# Exploring the different data sets

The following data sets will be looked into further:
* Train.csv - Contains all accidents with time and location over 18 months (01/2018 - 07/2019)
* Weather_Nairobi_daily_GFS.csv - Daily (one row) information for 6 weather features in Nairobi over 24 months (01/2018 - 01/2020)
* Segment_info.csv - Column meanings unknown, value tbd

Check out documentation at https://github.com/caiomiyashiro/geospatial_data_analysis/blob/master/AMLD-2020/Presentation_AMLD_2020.ipynb

### Importing packages

In [2]:
import pandas as pd
import math
import seaborn as sns

ModuleNotFoundError: No module named 'seaborn'

## Accident location over time

In [None]:
df = pd.read_csv('Train.csv', parse_dates=['datetime'])
print(df.shape)
df.head()

Creating time windows as demand "containers" helps to interpret demand over time

In [None]:
df["time_window"] = df["datetime"].apply(lambda x: math.floor(x.hour / 3) + 1)

In [None]:
dict_windows = {1: "00-03", 2: "03-06", 3: "06-09", 4: "09-12", 5: "12-15", 6: "15-18", 7: "18-21", 8: "21-24"}

In [None]:
df["time_window_str"] = df["time_window"].apply(lambda x: dict_windows.get(x))

In [None]:
dict_months = {1: "Jan", 2: "Feb", 3: "Mar", 4: "Apr", 5: "May", 6: "Jun",
               7: "Jul", 8: "Aug", 9: "Sep", 10: "Oct", 11: "Nov", 12: "Dec"}

In [None]:
df["day"] = df["datetime"].apply(lambda x: x.day)

In [None]:
df["month"] = df["datetime"].apply(lambda x: dict_months.get(x.month))

In [None]:
df["year"] = df["datetime"].apply(lambda x: x.year)

In [None]:
df["weekday"] = df["datetime"].apply(lambda x: x.weekday())

In [None]:
df.tail()

In [None]:
df.groupby("time_window_str").datetime.count()

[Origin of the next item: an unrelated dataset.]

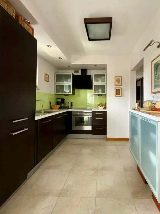 - półotwarta kuchnia w zabudowie, wyposażona w sprzęt AGD
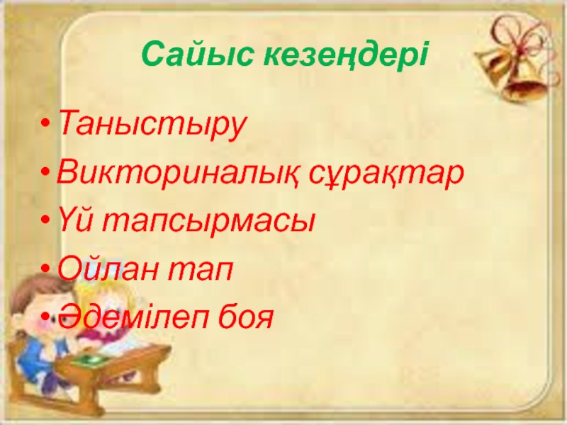 Сайыс кезеңдеріТаныстыруВикториналық сұрақтарҮй тапсырмасыОйлан тапӘдемілеп боя

### Overall accidents per time window for 2018 and 2019

In [None]:
fig01 = sns.countplot(data=df, x="time_window_str", palette="Greens")
fig01.set_title("Overall accidents per time window");

### Mean and median accidents per time window for 2018 and 2019

In [None]:
max_acc = pd.crosstab(df["time_window_str"], df["day"]).max(axis=1)
min_acc = pd.crosstab(df["time_window_str"], df["day"]).min(axis=1)
mean_acc = pd.crosstab(df["time_window_str"], df["day"]).mean(axis=1)
median_acc = pd.crosstab(df["time_window_str"], df["day"]).median(axis=1)

In [None]:
df_stats = pd.DataFrame([max_acc, min_acc, mean_acc, median_acc]).T
df_stats.columns = ["max", "min", "mean", "median"]
df_stats.reset_index(inplace=True)
df_stats.head()

In [None]:
fig = sns.barplot(data=df_stats, x="time_window_str", y="max", palette="Reds")
fig.set_title("Maximum amount of accidents per time window");

Note: Minimum cannot be 0 because then we also do not have a column ... need to fix that somehow

In [None]:
fig = sns.barplot(data=df_stats, x="time_window_str", y="min", palette="Reds")
fig.set_title("Minimum amount of accidents per time window");

In [None]:
fig = sns.barplot(data=df_stats, x="time_window_str", y="mean", palette="Reds")
fig.set_title("Mean of accidents per time window");

In [None]:
fig = sns.barplot(data=df_stats, x="time_window_str", y="median", palette="Reds")
fig.set_title("Median amount of accidents per time window");

### Overall accidents per month for 2018

Note: Avoid counting both first halfs (2018 & 2019)

In [None]:
fig02 = sns.countplot(data=df[df.year == 2018], x="month", palette="Blues")
fig02.set_title("Overall accidents per month");

## Accidents per weekday

In [None]:
fig03 = sns.countplot(data=df[df.year == 2018], x="weekday", palette="Greens")
fig03.set_title("Overall accidents per weekday");

### Time window per day

In [None]:
sns.catplot(x="time_window_str", col="weekday",data=df[df.year == 2018], kind="count", col_wrap=3, palette="Greens");

### Overall accidents per month and time window for 2018

In [None]:
sns.catplot(x="time_window_str", col="month",data=df[df.year == 2018], kind="count", col_wrap=3, palette="Greens");

### Overall accidents per month and day for 2018

In [None]:
sns.catplot(x="day", col="month",data=df[df.year == 2018], kind="count", col_wrap=3, palette="Blues");

Note: **It seems that we have missing data for some days.**

In [None]:
df_check = df[(df.month == "Sep") & (df.day > 20) & (df.day < 26)]
df_check

In [None]:
df_check.shape

We will have to create these non-existent rows and fill them with something ...

### To Do
* Create rows for non-existent time windows (merge with a template dataframe of time windows?)
* Fill these rows with some data to get better statistics